Tale sentenza veniva gravata dall’OPL chiedendo, in riforma di essa, l’accoglimento delle domande svolte in primo grado.
Il Tribunale aveva annullato il provvedimento espulsivo avendo ritenuto di non dover esaminare il ‘ fatto decisivo, cardine della motivazione della radiazione e oggetto di discussione tra le parti ‘, consistente nella sovrapposizione della figura abusiva del counselor -promossa dalla COGNOME in violazione delle norme deontologiche -a quella sanitaria di psicologo protetta ex lege , rinunciando pertanto a comprendere e ad apprezzare le ragioni ostative all’accreditamento del counseling in Italia e financo ad una proposta normativa in questo senso.
Veniva inoltre contestata l’erroneità della compensazione delle spese giudiziali tra l’OPL e gli psicologi intervenuti, a carico dei
quali dovevano essere poste per l’intero, stante la declaratoria di inammissibilità dell’intervento da loro proposto.
La Corte di Appello di Roma, con sentenza n. 5254 del 20 luglio 2023, condannava in solido gli intervenuti alle spese del primo grado, in parziale riforma della sentenza gravata, e per il resto confermava la decisione, condannando l’appellante a rifondere all’appellata le spese dell’appello e gli intervenuti soccombenti al pagamento all’appellante delle spese dello stesso grado.
Nel merito, infatti, la Corte era dello stesso avviso del Tribunale, ritenendo esulasse dalla sfera della cognizione giurisdizionale l’apprezzamento delle problematiche relative alla delimitazione delle attività e dei compiti esercitabili dal counselor , trattandosi di questioni scientifiche controverse, rispetto alle quali la libera manifestazione del pensiero non può incontrare limiti di sorta, ed essendo perciò irrilevante la maggiore o minore fondatezza della posizione assunta dall’Ordine o dalla professionista.

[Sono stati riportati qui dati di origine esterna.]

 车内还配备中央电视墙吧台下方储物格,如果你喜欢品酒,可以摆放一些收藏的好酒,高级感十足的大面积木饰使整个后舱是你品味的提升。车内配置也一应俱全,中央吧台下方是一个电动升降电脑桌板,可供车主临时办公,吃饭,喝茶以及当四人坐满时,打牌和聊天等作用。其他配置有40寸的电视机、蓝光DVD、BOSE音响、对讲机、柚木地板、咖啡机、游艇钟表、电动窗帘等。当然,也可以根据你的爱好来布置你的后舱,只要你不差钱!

La Corte ha, invece, limitato la propria decisione alla verifica in concreto della corrispondenza fra la partecipazione al tavolo tecnico pre-normativo, di studio e di approfondimento, previsto normativamente, e l’illecito disciplinare attribuito all’appellata, giungendo a negare la sussistenza di un’omessa motivazione in relazione alle censure veicolate dall’Ordine, avendo apprezzato nel merito che la condotta della professionista era espressione di una mera opinione nell’ambito di un dibattito tecnico -scientifico a ciò appositamente deputato, escludendo che vi sia un dovere generale per gli iscritti negli ordini professionali di soggiacere alle indicazioni di essi che ne limitino il diritto di manifestazione del pensiero.
Avverso tale sentenza l’OPL ha proposto nei termini ricorso per cassazione affidandolo a due motivi.

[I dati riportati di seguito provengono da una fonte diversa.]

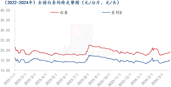 3月是猪肉传统的消费淡季,白条主要供应鲜销为主,而目前冻品库存较高,厂家无法通过入库来缓解销售阻力,只有通过以销定宰控量生产或者提涨白条价格来解决。Mysteel农产品监测的国内重点屠宰企业冻品库容率仍处于24.23%高位,厂家白条走货很慢,目前厂家开工率也维持在26.0-27.0%水平,同比低2.49%,差距主要还是去年屠企厂家开始积极分割入库。

La dott.ssa COGNOME resiste con controricorso.
Il Pubblico Ministero ha depositato conclusioni scritte.
La controricorrente ha depositato memorie in prossimità dell’udienza.
MOTIVI IN DIRITTO DELLA DECISIONE
Il primo motivo di ricorso denuncia, ai sensi dell’art. 360, co. 1, n. 5, c.p.c., l’omesso esame di un fatto decisivo per il giudizio discusso tra le parti, difetto di pronuncia o comunque difetto di motivazione della sentenza sulle ragioni essenziali espresse nel provvedimento di radiazione. Deduce il ricorrente che la Corte distrettuale, avendo condiviso la scelta del Tribunale di non entrare nel merito della questione della sovrapponibilità della figura del counselor a quella di psicologo -sul presupposto che l’odierno giudizio ha, invece, come unico oggetto l’indagine se la mera partecipazione a un tavolo tecnico con posizioni di apertura alla normazione dell’attività di counseling rappresenti una condotta di sostanziale avallo dell’esercizio abusivo della professione di psicologo -avrebbe trascurato l’elemento decisivo, consistente nella validazione in sede UNI, da parte di una psicologa iscritta all’albo, di una attività pseudo professionale in violazione della riserva di legge sulle attività tipiche dello psicologo.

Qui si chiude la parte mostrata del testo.